_Task details_
Repeat the records below exactly, leaving out any pictures.
********************
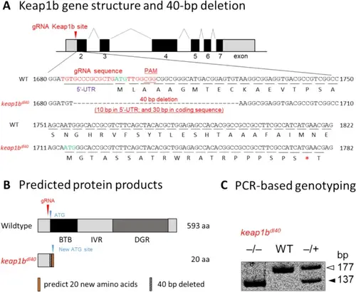 Generation and molecular characterization of the keap1bdl40 knockout allele using CRISPR/Cas9. A Gene structure and deletion. Zebrafish keap1b gene showing gRNA target site (red arrow) at the 5’-UTR/exon 2 boundary. The 40-bp deletion removes 10 bp from 5’-UTR, the ATG start codon (3 bp), and 27 bp from exon 2. Translation initiates from a downstream out-of-frame ATG (green), producing a 20-amino-acid peptide (MGTASSATRWRATRPPPSPS*) terminated by a premature stop codon (asterisk). B Protein products. Wild-type: 593-aa protein with BTB, IVR, and DGR domains. Mutant: 20-aa non-functional peptide (orange) lacking all domains. C PCR genotyping. Gel electrophoresis showing wild-type (177 bp), mutant (137 bp), and heterozygous (both bands) genotypes |
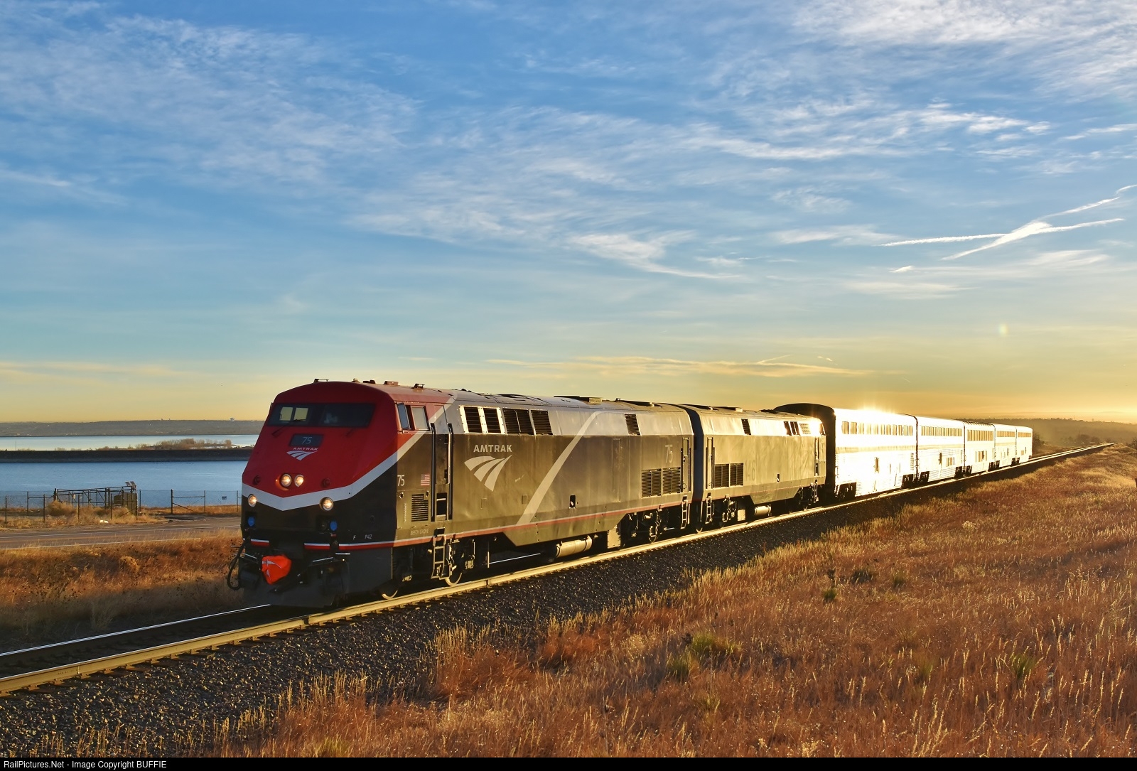 Amtrak Phase VII engine #75 (P42DC) leads the Winter Park Express Ski Train west at sunrise on the Moffat Tunnel Sub towards the Colorado Rocky Mountains.
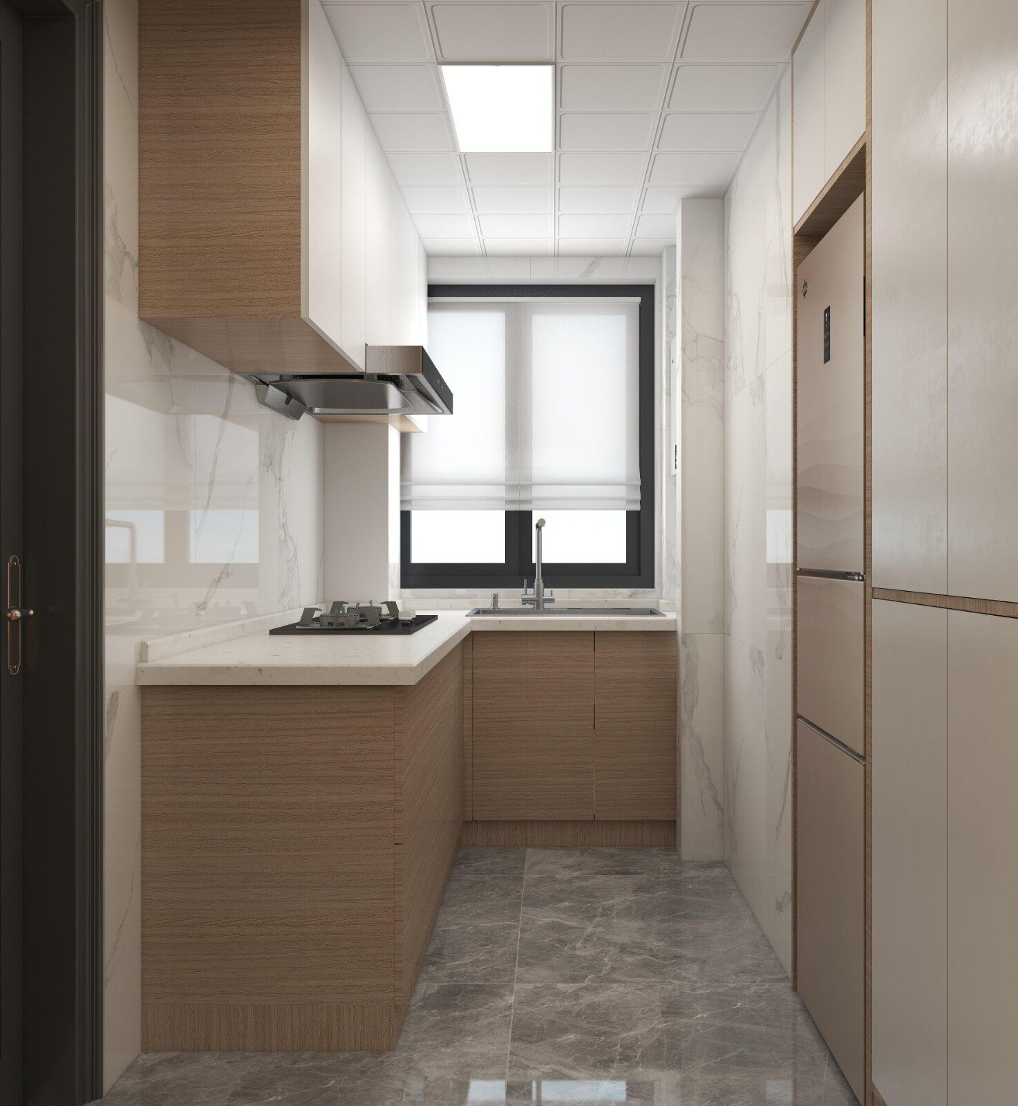 厨房保持原有格局不动,但是橱柜与墙地砖的材质颜色以白色吊柜以及墙砖为基调,考虑到冰箱的位置。
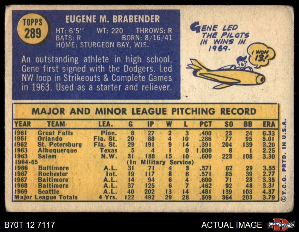1970 Topps #289 Gene Brabender 1.5 - FAIR
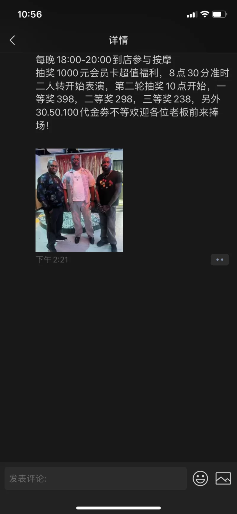 立即登录一楼洗浴。洗完上二楼就能看见技师。最近在搞活动晚上8点半有二人转表演。10点还有抽奖活动
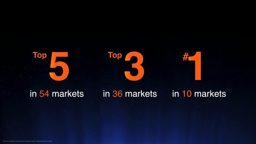 Năm 2020 là một năm thành công lớn của Xiaomi khi thương hiệu này gia tăng đáng kể thị phần ở rất nhiều thị trường. Theo công bố từ hãng, Xiaomi đứng số 1 tại 10 thị trường, đứng TOP 3 tại 36 thị trường khác trên toàn cầu. Đồng thời, cũng là thương hiệu tăng trưởng nhanh nhất ở phân khúc cao cấp với 3639% (tính từ 500 USD trở lên).
********************
_Reply to the task_
 Generation and molecular characterization of the keap1bdl40 knockout allele using CRISPR/Cas9. A Gene structure and deletion. Zebrafish keap1b gene showing gRNA target site (red arrow) at the 5’-UTR/exon 2 boundary. The 40-bp deletion removes 10 bp from 5’-UTR, the ATG start codon (3 bp), and 27 bp from exon 2. Translation initiates from a downstream out-of-frame ATG (green), producing a 20-amino-acid peptide (MGTASSATRWRATRPPPSPS*) terminated by a premature stop codon (asterisk). B Protein products. Wild-type: 593-aa protein with BTB, IVR, and DGR domains. Mutant: 20-aa non-functional peptide (orange) lacking all domains. C PCR genotyping. Gel electrophoresis showing wild-type (177 bp), mutant (137 bp), and heterozygous (both bands) genotypes |
 Amtrak Phase VII engine #75 (P42DC) leads the Winter Park Express Ski Train west at sunrise on the Moffat Tunnel Sub towards the Colorado Rocky Mountains.
 厨房保持原有格局不动,但是橱柜与墙地砖的材质颜色以白色吊柜以及墙砖为基调,考虑到冰箱的位置。
1970 Topps #289 Gene Brabender 1.5 - FAIR
 立即登录一楼洗浴。洗完上二楼就能看见技师。最近在搞活动晚上8点半有二人转表演。10点还有抽奖活动
 Năm 2020 là một năm thành công lớn của Xiaomi khi thương hiệu này gia tăng đáng kể thị phần ở rất nhiều thị trường. Theo công bố từ hãng, Xiaomi đứng số 1 tại 10 thị trường, đứng TOP 3 tại 36 thị trường khác trên toàn cầu. Đồng thời, cũng là thương hiệu tăng trưởng nhanh nhất ở phân khúc cao cấp với 3639% (tính từ 500 USD trở lên).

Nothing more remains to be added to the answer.